Length of input_texts:  (30000,)
Length of target_texts: (30000,)


In [7]:
max_encoder_seq_length = max(len(line) for line in input_texts)
max_decoder_seq_length = max(len(line) for line in target_texts)

print('max length of input  sentences: %d' % (max_encoder_seq_length))
print('max length of target sentences: %d' % (max_decoder_seq_length))

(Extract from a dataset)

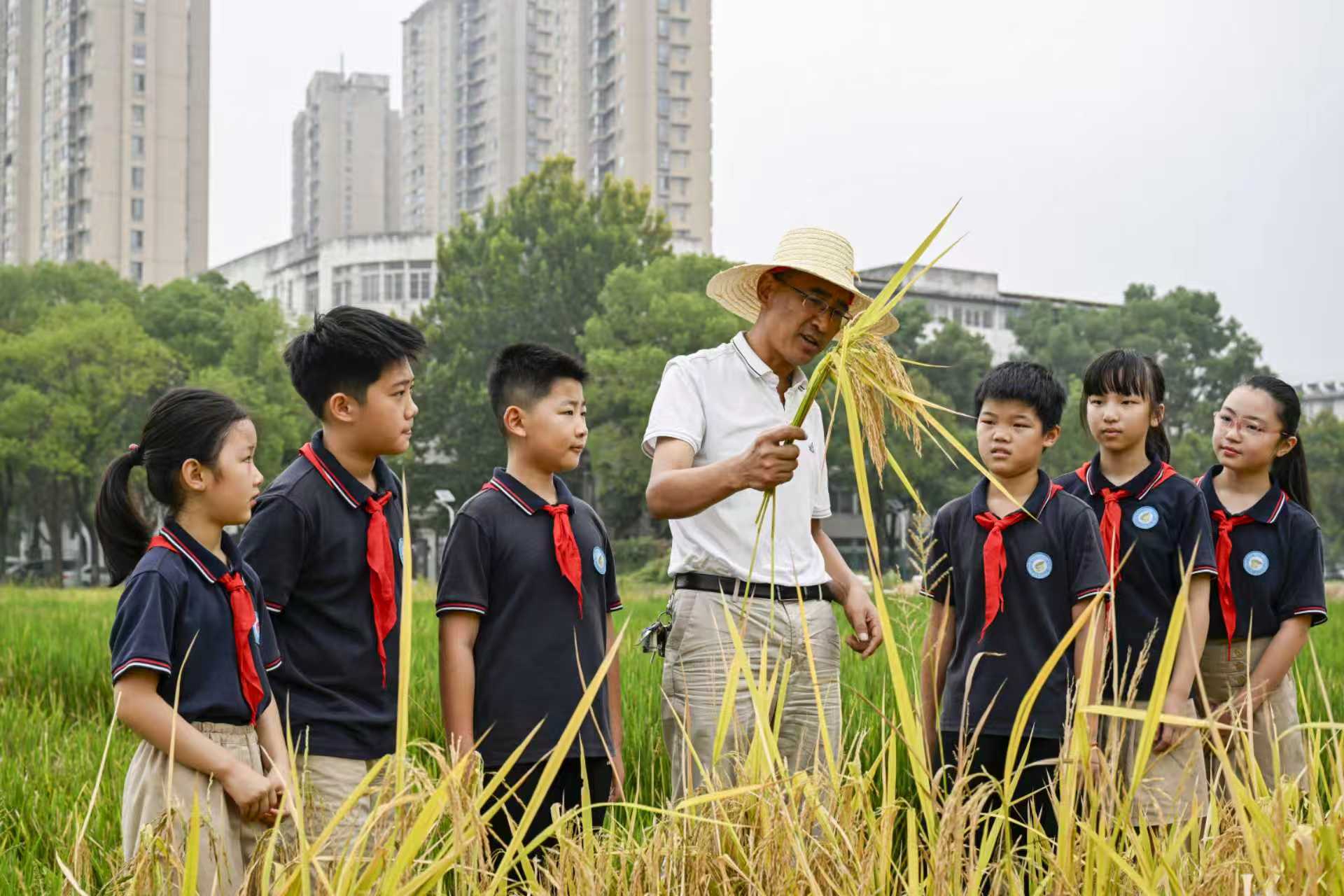 在省農(nóng)科院水稻所阮新民教授和合肥市四河小學(xué)黨支部副書記俞超的帶領(lǐng)下,孩子們走進試驗田,近距離觀察稻穗,學(xué)習(xí)辨別稻谷的成熟度和飽滿度。專家們系統(tǒng)地講解了水稻從育種、插秧、生長到抽穗的全過程,并介紹了功能稻、優(yōu)質(zhì)香稻等新品種的特性,讓同學(xué)們對現(xiàn)代農(nóng)業(yè)有了更直觀的認(rèn)識。

max length of input  sentences: 29
max length of target sentences: 58


**Remark:** To this end, you have two lists of sentences: input_texts and target_texts

## 2. Text processing

### 2.1. Convert texts to sequences

- Input: A list of $n$ sentences (with max length $t$).
- It is represented by a $n\times t$ matrix after the tokenization and zero-padding.

In [8]:
from keras.preprocessing.text import Tokenizer
from keras.preprocessing.sequence import pad_sequences

# encode and pad sequences
def text2sequences(max_len, lines):
    tokenizer = Tokenizer(char_level=True, filters='')
    tokenizer.fit_on_texts(lines)
    seqs = tokenizer.texts_to_sequences(lines)
    seqs_pad = pad_sequences(seqs, maxlen=max_len, padding='post')
    return seqs_pad, tokenizer.word_index


encoder_input_seq, input_token_index = text2sequences(max_encoder_seq_length, 
                                                      input_texts)
decoder_input_seq, target_token_index = text2sequences(max_decoder_seq_length, 
                                                       target_texts)

print('shape of encoder_input_seq: ' + str(encoder_input_seq.shape))
print('shape of input_token_index: ' + str(len(input_token_index)))
print('shape of decoder_input_seq: ' + str(decoder_input_seq.shape))
print('shape of target_token_index: ' + str(len(target_token_index)))

Using TensorFlow backend.


shape of encoder_input_seq: (30000, 29)
shape of input_token_index: 27
shape of decoder_input_seq: (30000, 58)
shape of target_token_index: 29


In [9]:
num_encoder_tokens = len(input_token_index) + 1
num_decoder_tokens = len(target_token_index) + 1

print('num_encoder_tokens: ' + str(num_encoder_tokens))
print('num_decoder_tokens: ' + str(num_decoder_tokens))

num_encoder_tokens: 28
num_decoder_tokens: 30


In [10]:
print(input_token_index)

{' ': 1, 'e': 2, 'o': 3, 't': 4, 'i': 5, 'a': 6, 's': 7, 'n': 8, 'h': 9, 'r': 10, 'l': 11, 'd': 12, 'y': 13, 'm': 14, 'u': 15, 'w': 16, 'c': 17, 'g': 18, 'p': 19, 'k': 20, 'f': 21, 'b': 22, 'v': 23, 'j': 24, 'x': 25, 'z': 26, 'q': 27}


In [11]:
print(target_token_index)

{' ': 1, 'e': 2, 'n': 3, 'i': 4, 't': 5, 'a': 6, 'o': 7, '\t': 8, '\n': 9, 'r': 10, 'd': 11, 's': 12, 'k': 13, 'l': 14, 'h': 15, 'm': 16, 'g': 17, 'j': 18, 'u': 19, 'w': 20, 'b': 21, 'v': 22, 'z': 23, 'p': 24, 'f': 25, 'c': 26, 'y': 27, 'x': 28, 'q': 29}


**Remark:** To this end, the input language and target language texts are converted to 2 matrices. 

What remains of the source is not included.